Money can’t buy love, and it sure can get in the way! One of the leading causes of divorce in the U.S. is financial difficulty. While 9 million proposals are expected to take place on Valentine’s Day alone this year, the love potion may turn sour when money comes into question. Emily Pollock, a matrimonial law partner, visits Bold TV to share some advice on the role finance plays in marriages as well as divorce.

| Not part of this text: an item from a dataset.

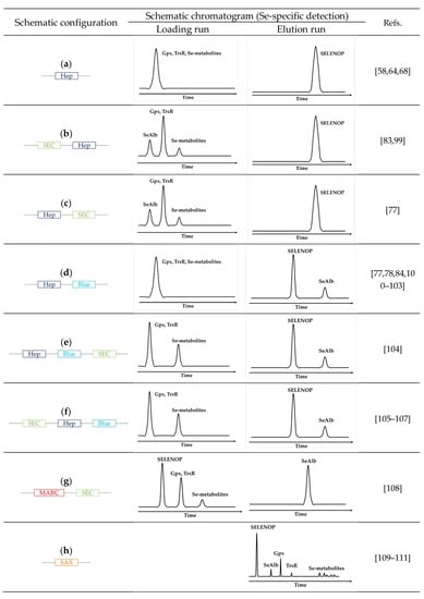 Schematic overview of the principle of HPLC configuration coupled with ICP-MS for SELENOP determination (a) schematic chromatogram of affinity column heparin coupled with ICP-MS (Se-specific detection) [58,64,68], (b) schematic chromatogram of a size exclusion column followed by an affinity column Heparin coupled with ICP-MS (Se-specific detection) [83,99], (c) schematic chromatogram of affinity column heparin followed by a size exclusion column coupled with ICP-MS (Se-specific detection) [77], (d) schematic chromatogram of multi-affinity columns heparin followed by blue-sepharose coupled with ICP-MS (Se-specific detection) [77,78,84,100,101,102,103], (e) schematic chromatogram of multi-affinity columns heparin followed by blue-sepharose and a size exclusion column coupled with ICP-MS (Se-specific detection) [104], (f) schematic chromatogram of a size exclusion column followed by multi-affinity columns heparin and blue-sepharose coupled with ICP-MS (Se-specific detection) [105,106,107], (g) schematic chromatogram of multi-affinity removal column followed by size exclusion column coupled with ICP-MS (Se-specific detection) [108], (h) schematic chromatogram of a strong anion-exchange column coupled with ICP-MS (Se-specific detection) [109,110,111], (Hep: HiTrap Heparin affinity column, SEC: Size-exclusion chromatography, Blue: HiTrap Blue affinity column, MARC: Multi-affinity removal column, SAX: Strong anion-exchange column).

How To Manage Your Debt In A New Marriage
When the two become one, financial conversations are essential even if the topics are uncomfortable, especially when talking about debt in a new marriage. What if your partner makes more money than you? Are you comfortable with significant credit card debt if that means you can have a more luxurious lifestyle? Are you comfortable with a mortgage? These types of questions can make or break a relationship. Another one of the most important conversations for young couples is student loan debt. Each person is responsible for their individual debt, but after marriage, all earnings become marital. If you pay toward your debt during marriage, you’re taking marital money to pay off individual debt. In the case of a divorce, you can’t get back money you paid toward your partner’s debt. Some couples sign a prenup, or financial contract between spouses, before marriage to settle some of these tough questions.
Communication is Key
OK, is there any good news? Yes, if communication is a priority. Initiating difficult conversations leads to open dialogue. When it comes to money, people have different perspectives that shape how they deal with it. Figure out how your partner views money, and decide how you will face future financial hurdles. Figure out who will handle the money. If you’re not the breadwinner, Pollock says that there are a lot of ways to contribute to a relationship that don’t come with a dollar sign.